## WHAT IS NEEDED:
Look for the word "zbiorów". Copy every line of the listing where it occurs.

## DATA SHOWN:
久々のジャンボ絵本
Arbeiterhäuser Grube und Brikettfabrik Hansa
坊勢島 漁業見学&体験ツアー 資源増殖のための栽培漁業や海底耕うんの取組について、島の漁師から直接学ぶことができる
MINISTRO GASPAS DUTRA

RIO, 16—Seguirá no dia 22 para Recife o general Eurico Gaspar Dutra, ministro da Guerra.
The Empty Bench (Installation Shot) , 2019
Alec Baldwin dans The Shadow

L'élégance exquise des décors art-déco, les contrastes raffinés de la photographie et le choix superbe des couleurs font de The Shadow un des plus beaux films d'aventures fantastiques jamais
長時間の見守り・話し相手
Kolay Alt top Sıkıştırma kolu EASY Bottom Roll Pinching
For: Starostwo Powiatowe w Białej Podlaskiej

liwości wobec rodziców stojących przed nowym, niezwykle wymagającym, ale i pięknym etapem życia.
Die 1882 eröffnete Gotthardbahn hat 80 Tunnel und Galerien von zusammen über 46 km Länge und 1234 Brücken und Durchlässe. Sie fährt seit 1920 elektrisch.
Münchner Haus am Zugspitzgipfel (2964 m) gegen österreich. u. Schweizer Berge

* * *

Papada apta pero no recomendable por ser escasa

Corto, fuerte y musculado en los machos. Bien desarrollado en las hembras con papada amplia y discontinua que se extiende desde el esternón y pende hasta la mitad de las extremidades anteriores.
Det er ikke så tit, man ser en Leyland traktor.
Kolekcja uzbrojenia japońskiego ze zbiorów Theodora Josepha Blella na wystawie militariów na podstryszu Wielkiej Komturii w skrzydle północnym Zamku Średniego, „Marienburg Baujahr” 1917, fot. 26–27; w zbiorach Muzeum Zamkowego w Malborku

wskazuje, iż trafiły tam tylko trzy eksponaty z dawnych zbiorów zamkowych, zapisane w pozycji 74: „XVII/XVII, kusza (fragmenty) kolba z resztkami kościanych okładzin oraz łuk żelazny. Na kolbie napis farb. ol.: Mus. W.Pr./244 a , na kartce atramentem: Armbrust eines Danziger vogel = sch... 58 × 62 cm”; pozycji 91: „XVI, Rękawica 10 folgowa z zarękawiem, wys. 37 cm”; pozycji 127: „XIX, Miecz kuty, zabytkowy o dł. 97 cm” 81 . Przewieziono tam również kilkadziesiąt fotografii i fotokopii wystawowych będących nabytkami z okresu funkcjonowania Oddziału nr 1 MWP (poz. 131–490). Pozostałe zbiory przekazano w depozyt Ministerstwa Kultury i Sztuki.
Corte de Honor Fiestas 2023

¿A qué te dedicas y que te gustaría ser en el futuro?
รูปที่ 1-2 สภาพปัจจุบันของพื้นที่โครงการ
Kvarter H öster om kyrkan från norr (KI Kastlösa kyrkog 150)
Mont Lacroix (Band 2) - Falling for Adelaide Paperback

## YOUR RESPONSE:
Kolekcja uzbrojenia japońskiego ze zbiorów Theodora Josepha Blella na wystawie militariów na podstryszu Wielkiej Komturii w skrzydle północnym Zamku Średniego, „Marienburg Baujahr” 1917, fot. 26–27; w zbiorach Muzeum Zamkowego w Malborku
wskazuje, iż trafiły tam tylko trzy eksponaty z dawnych zbiorów zamkowych, zapisane w pozycji 74: „XVII/XVII, kusza (fragmenty) kolba z resztkami kościanych okładzin oraz łuk żelazny. Na kolbie napis farb. ol.: Mus. W.Pr./244 a , na kartce atramentem: Armbrust eines Danziger vogel = sch... 58 × 62 cm”; pozycji 91: „XVI, Rękawica 10 folgowa z zarękawiem, wys. 37 cm”; pozycji 127: „XIX, Miecz kuty, zabytkowy o dł. 97 cm” 81 . Przewieziono tam również kilkadziesiąt fotografii i fotokopii wystawowych będących nabytkami z okresu funkcjonowania Oddziału nr 1 MWP (poz. 131–490). Pozostałe zbiory przekazano w depozyt Ministerstwa Kultury i Sztuki.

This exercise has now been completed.